Reproduce exactly the line that contains "Так священна ли" and every line after it through the end of the records below, leaving out all pictures.

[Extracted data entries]
===

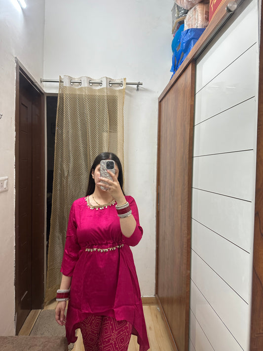 Pink High-Low Kurta Set with Embellished Waist & Bandhej Pants
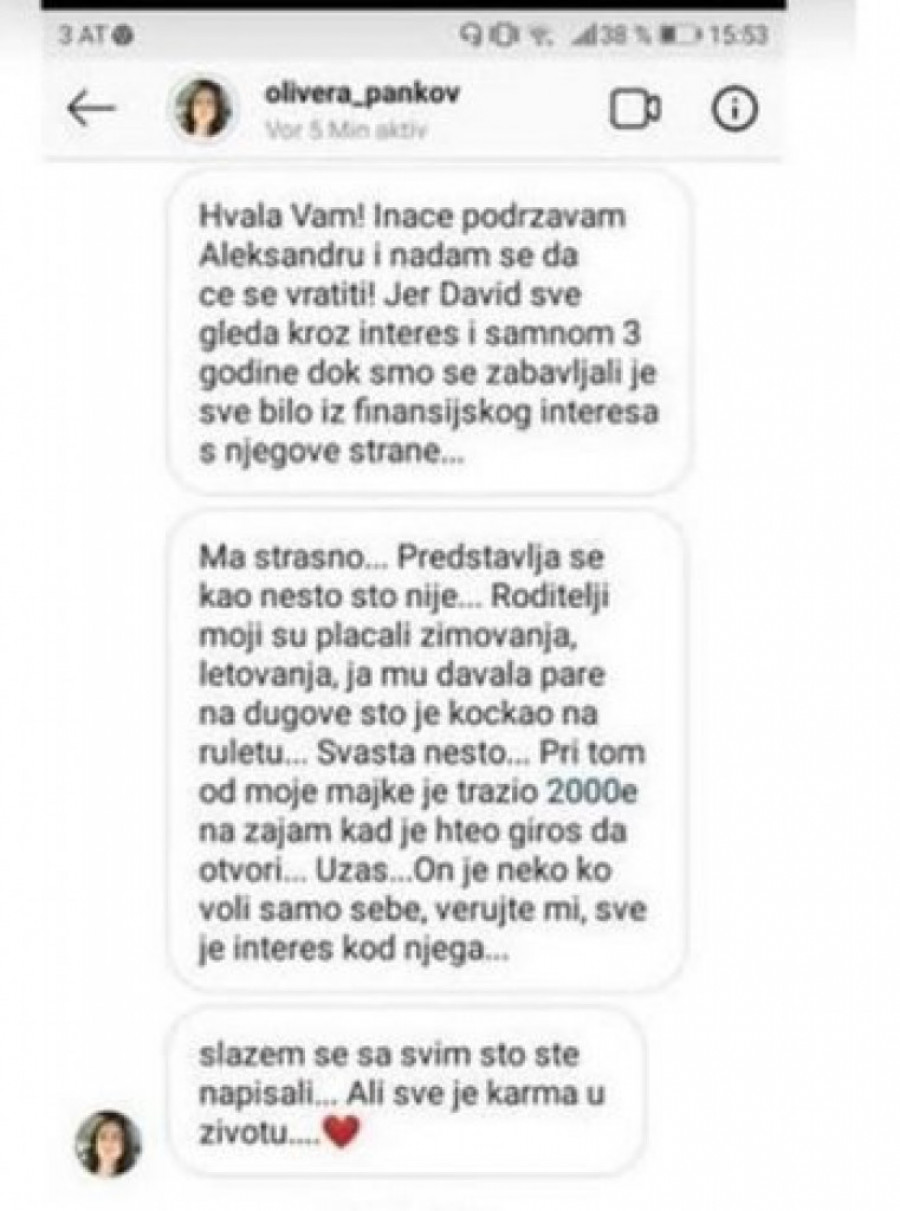 - Inače podržavam Aleksandru i nadam se da će se vratiti! Jer David sve gleda kroz interes i sa mnom tri godine dok smo se zabljavali je sve bilo iz finansijskog interesa s njegove stranu - stoji u prepisci.
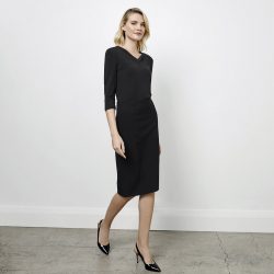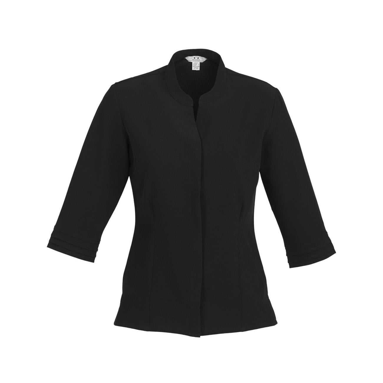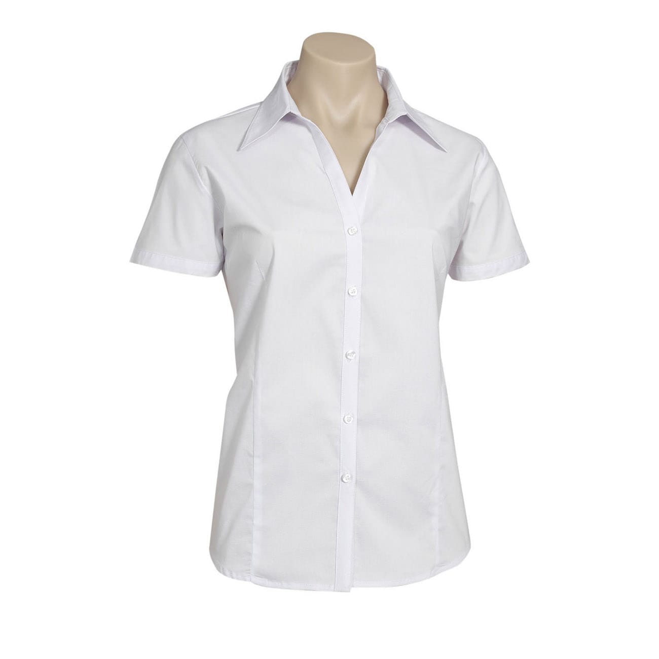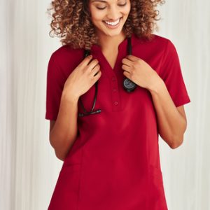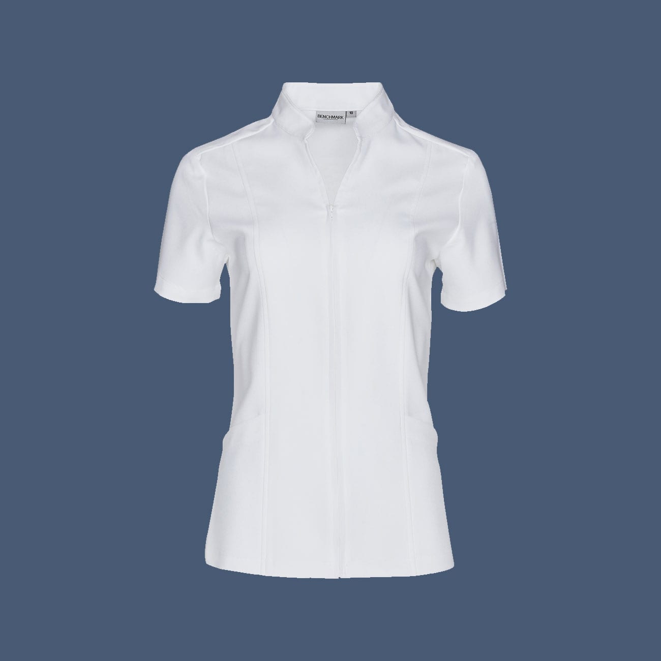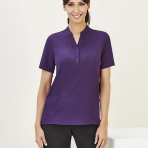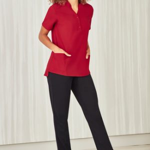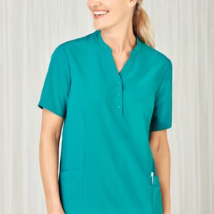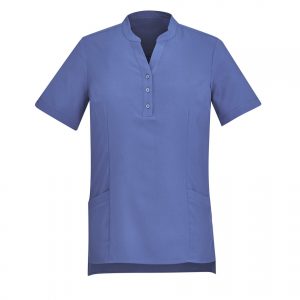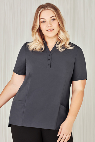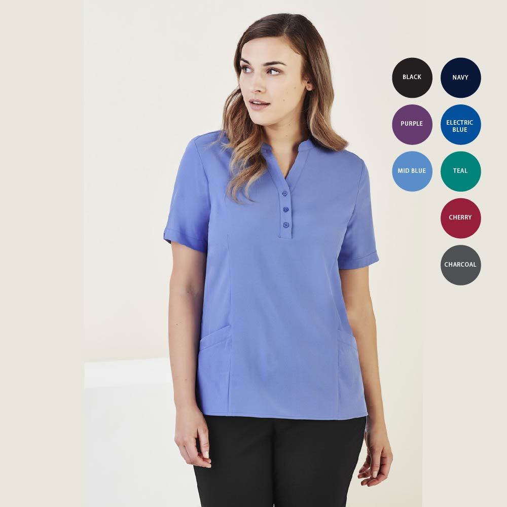 Style features longer hem lengths, short sleeve with cuff detailing, side splits and 2x front pockets
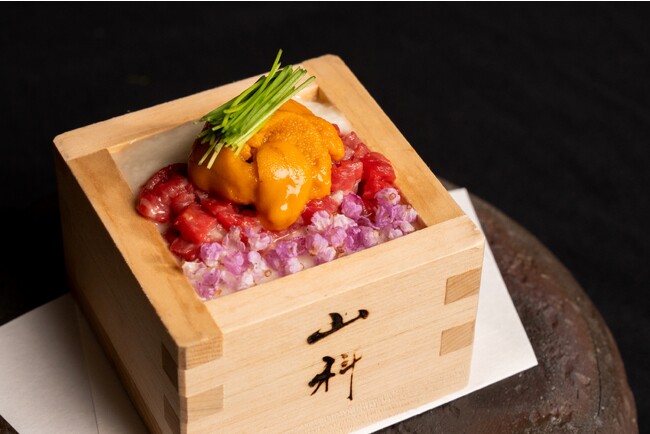 「銀座山科はなれ」は"鉄板焼き"の本店山科の奥にあり、提供する主たる牛肉は滋賀県のブランド牛「近江牛」。その中でも一般的に24ヵ月の肥育で出荷される牛を、生産者と一緒になって手間暇かけ、40ヵ月以上じっくり育てる”超長期肥育”することで生体熟成(=生きた状態で熟成)させた「完熟近江牛」を、鉄板焼きと食材共有することで焼肉でも提供できるようにしました。旨味が強く、キレのある脂が特徴の特別な焼肉をお楽しみいただけます。
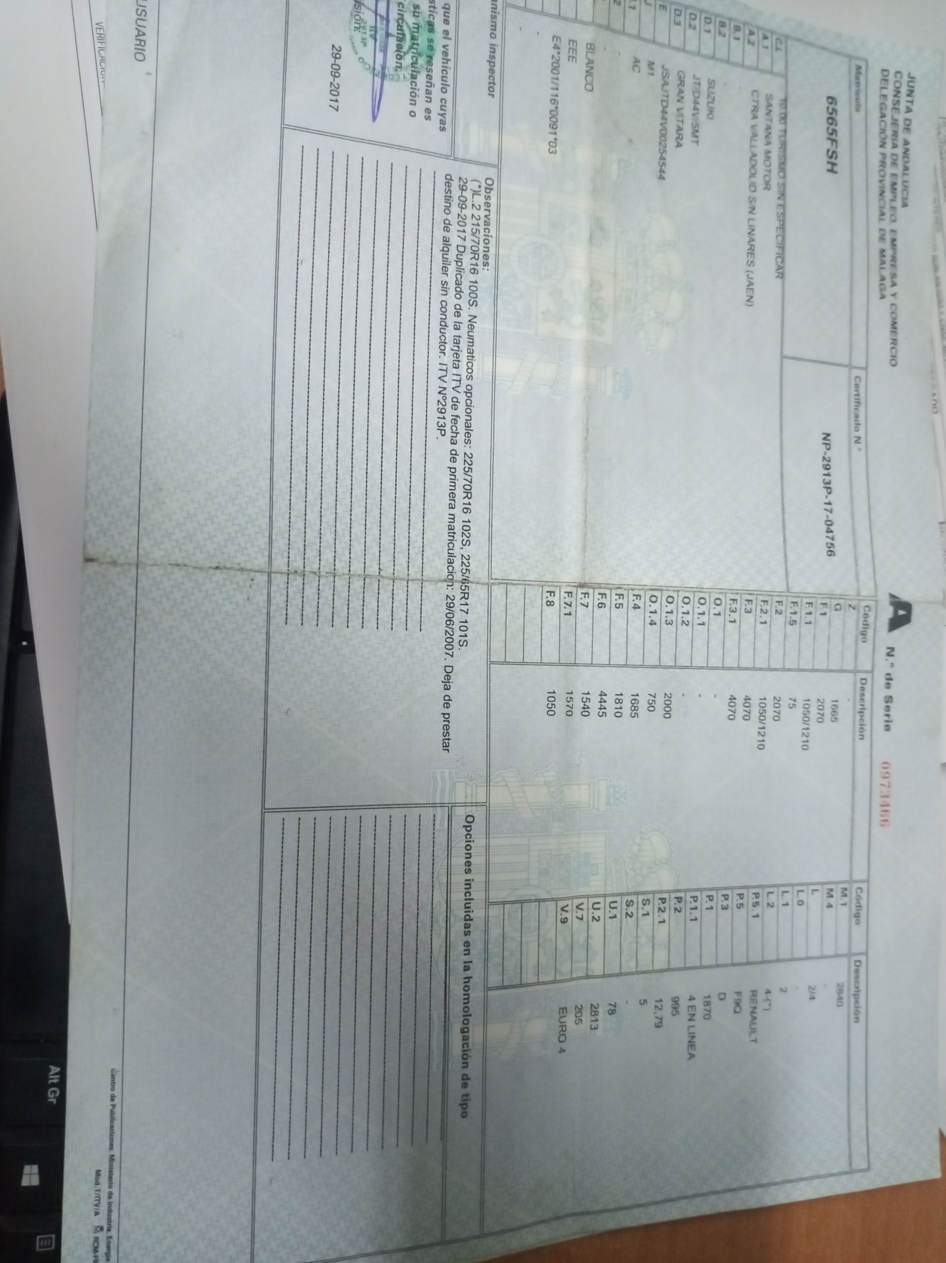 Infos du véhicule d'origine
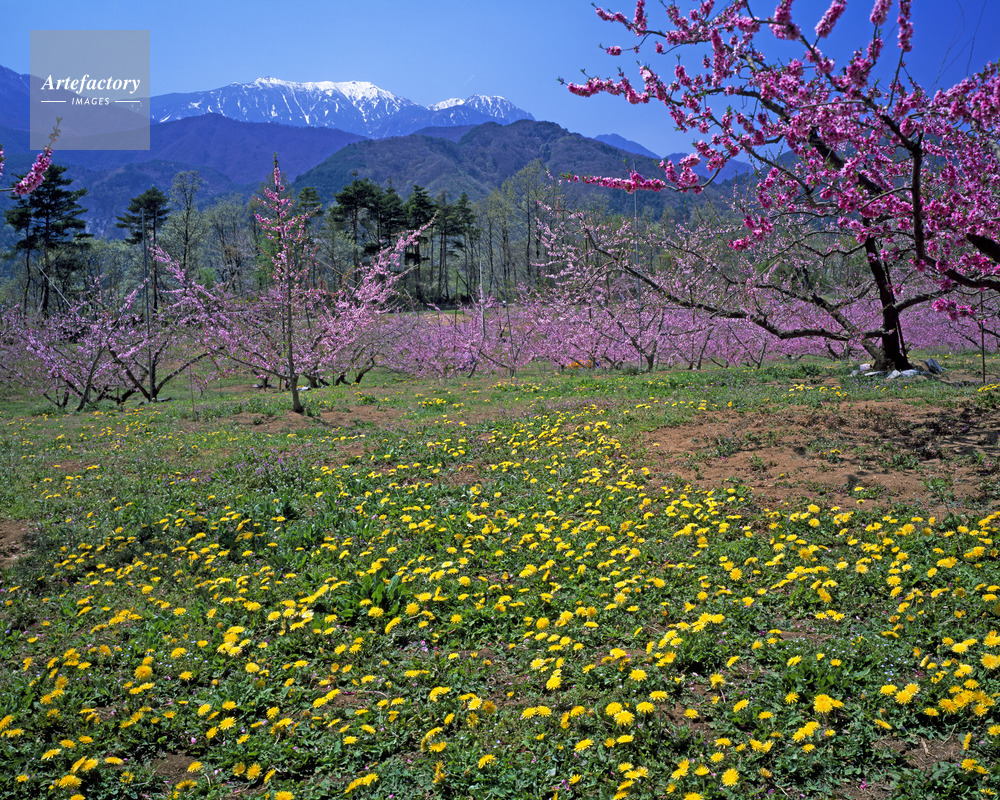 | 作品タイトル | タンポポと桃の花咲く新府から南アルプス | モデルリリース | なし | |
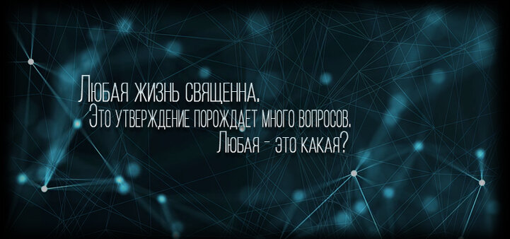 Так священна ли жизнь? И если да, то чья? Я не рискну отвечать на эти вопросы за тебя. Если у тебя ещё нет ответов, то однажды ты ответишь себе сам, и надеюсь, ответы будут честными. Цель этого разговора заключается в наглядной демонстрации того, что чужая жизнь, в основном, не имеет для нас никакой ценности. По природе мы эгоистичны, и ищем блага для себя. В чем бы оно не заключалось. А к любой жизни нужно относиться с уважением. Но нельзя говорить о её святости и тут же идти жрать пельмени.
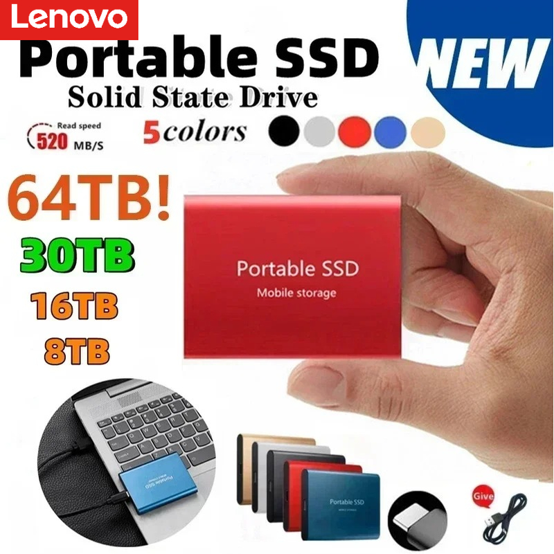 Lenovo T5 Original Portable External 256TB SSD USB 3.1 Mini Solid State Drive High-Speed 2TB Memory Flash Disk for PC Laptop Mac

===

WRITTEN REPLY:
 Так священна ли жизнь? И если да, то чья? Я не рискну отвечать на эти вопросы за тебя. Если у тебя ещё нет ответов, то однажды ты ответишь себе сам, и надеюсь, ответы будут честными. Цель этого разговора заключается в наглядной демонстрации того, что чужая жизнь, в основном, не имеет для нас никакой ценности. По природе мы эгоистичны, и ищем блага для себя. В чем бы оно не заключалось. А к любой жизни нужно относиться с уважением. Но нельзя говорить о её святости и тут же идти жрать пельмени.
 Lenovo T5 Original Portable External 256TB SSD USB 3.1 Mini Solid State Drive High-Speed 2TB Memory Flash Disk for PC Laptop Mac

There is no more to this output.